As usual, it was David's optimism that was his undoing. Because things can always get worse, much worse; and you never know exactly where the bottom is, until you hit it.

Chapter Fourteen

Secrets

Cindy Henderson didn't want to go to the Lomax party. She hated parties in general, with their pointless social requirements. You had to smile at people you disliked and make conversation with bores. Invariably you would run into someone whom you'd been successfully avoiding for weeks. And of course, after fifteen minutes of small talk, you'd wind up inviting them over for dinner, or planning a two-family vacation, backpacking in Zion National Park—anything to end the conversation. It would be funny, if it were happening to someone else.

Mike had suggested she stay near, to use him as a human shield. It sounded good, but then she would be exposed to the supernaturally tedious conversation of his tradesmen friends. Who bid what on which job, how many board feet of lumber someone got how much cheaper in Vermont, which builder was struggling with the HDC over the pitch of his roof; which plumbers cleaned up after themselves. It was better to just stay home.

For once, Mike didn't seem to mind. “Don't bother,” he'd said that morning at breakfast. “I'm not going to stay long. The last thing I
want to do is spend more time in that mausoleum.”

“Are you sure?”

“Don't worry about it. Take the night off.”

He was so accommodating and thoughtful, she became instantly suspicious. Did he not want her there for some reason? Was there someone he was afraid to have her meet? He had spoken so quickly, jumping right in after her comment, as if it was rehearsed. Over-rehearsed, actually: he needed to take a beat, relax and at least appear to consider what Cindy had said, before starting his prepared remarks.

“I think I will go after all.” She carried her coffee cup to the sink. “I got a new dress from the J. Jill catalogue and I've been wanting to wear it someplace.”
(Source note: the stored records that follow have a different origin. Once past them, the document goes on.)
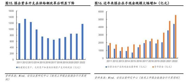 “雙碳”目標(biāo)下,煤企轉(zhuǎn)型具備先天產(chǎn)業(yè)優(yōu)勢、地域優(yōu)勢且資金充足。一方面,煤企具有產(chǎn)業(yè)優(yōu)勢,具備能源開采、裝備制造的成熟經(jīng)驗,擁有穩(wěn)定的下游電廠、化工客源,以及先天地域優(yōu)勢。我國大型新能源項目基地多數(shù)位于西北地區(qū),與煤炭資源分布重合度較高,如我國第一批容量約 1 億千瓦的大型風(fēng)電光伏基地主要位于甘肅、青海、內(nèi)蒙、寧夏等西部地區(qū)。此外,與傳統(tǒng)能源相比,新能源占地面積大。隨著新能源規(guī)模快速擴大,土地資源已經(jīng)成為影響新能源發(fā)展的重要因素,煤炭企業(yè)可利用自有采煤沉陷區(qū)受損土地規(guī)劃建設(shè)光伏發(fā)電、風(fēng)力發(fā)電等新能源項目,提高資源利用率的同時還可實現(xiàn)綠色轉(zhuǎn)型。另一方面,受制于 2011-2013 年行業(yè)產(chǎn)能過剩以及 2016 年以來的供給側(cè)結(jié)構(gòu)性改革,煤炭行業(yè)資本開支明顯下降,2021 年至今雖在行業(yè)景氣度好轉(zhuǎn)以及政策鼓勵保供穩(wěn)價背景下有所回升,但在“雙碳”目標(biāo)持續(xù)推進下,煤炭固定資產(chǎn)投資規(guī)模大、時間長,資本開支仍低于此前水平,且新礦井的使用時間一般長達數(shù)十年之久,長期來看與雙碳背景相違背,企業(yè)進行煤炭固定資產(chǎn)投資的意愿不強。但近兩年煤價高位運行,使得煤炭企業(yè)盈利能力持續(xù)改善,在手現(xiàn)金規(guī)模大幅增加,為后續(xù)轉(zhuǎn)型提供基礎(chǔ)。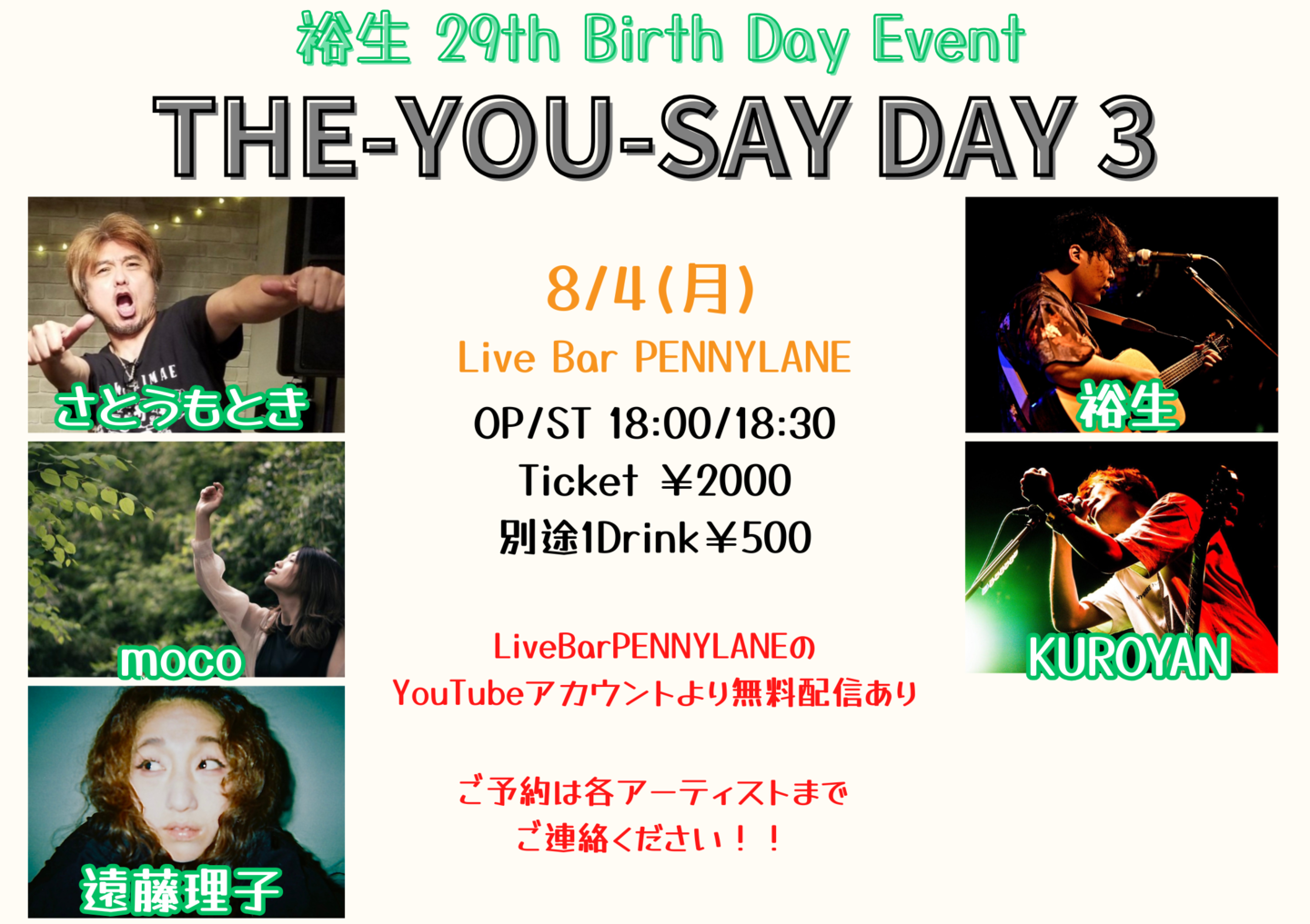 ※チケットのご予約は各アーティストまで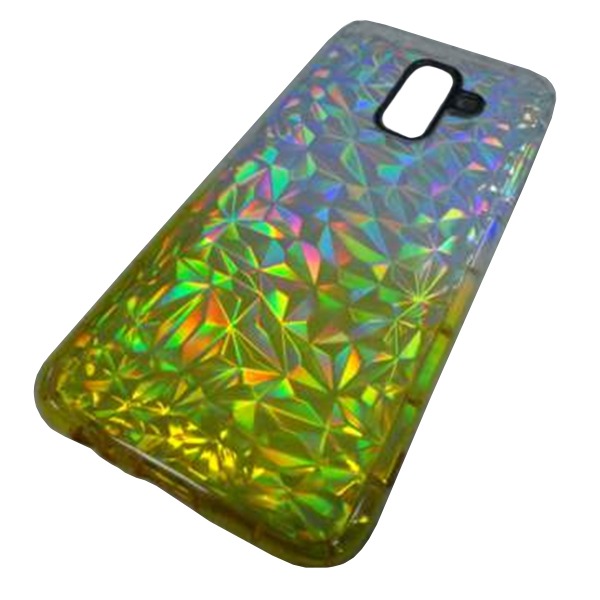 Чехол силиконовый Samsung J8 2018 PRISMA (голограмма двухцветная) бело-желтый

“Are you sure? Because it's really—”

“I'm positive, Mike. This will be fun.”

He shrugged. “Great. Just let me know when you want to leave and we're out of there.”

She kissed him on his way out the door, and held him for an extra second or two, to show that everything was fine between them, precisely because it wasn't. He sensed something off-kilter in the gesture.

“You okay?” he asked.

“Fine,” she said. “Go to work.”

She kissed him again and pushed him out the door. She was sure he had secrets; but she had her secrets, too. She wondered if there were any marriages without them, where everyone told the truth and had nothing to hide. Maybe that was what the storybooks meant by “happily ever after.” Or maybe happy was just an average, drawn between the rages and the joy, the sum of the constant struggle to stay close when everything inside and outside you seemed to be pulling you apart.

It was so much easier to lie.

It was comfortable to have a little private place for yourself, like a daybed where you could snuggle under a quilt for an afternoon nap. Like the fact of her pregnancy. Until she told Mike about it, or started to show, the baby was hers and hers alone. She could feel and do about it precisely what she wanted, without having to consult anyone, without taking anyone else's feelings or advice or demands into account. It was none of anyone else's business right now, not even Mike's.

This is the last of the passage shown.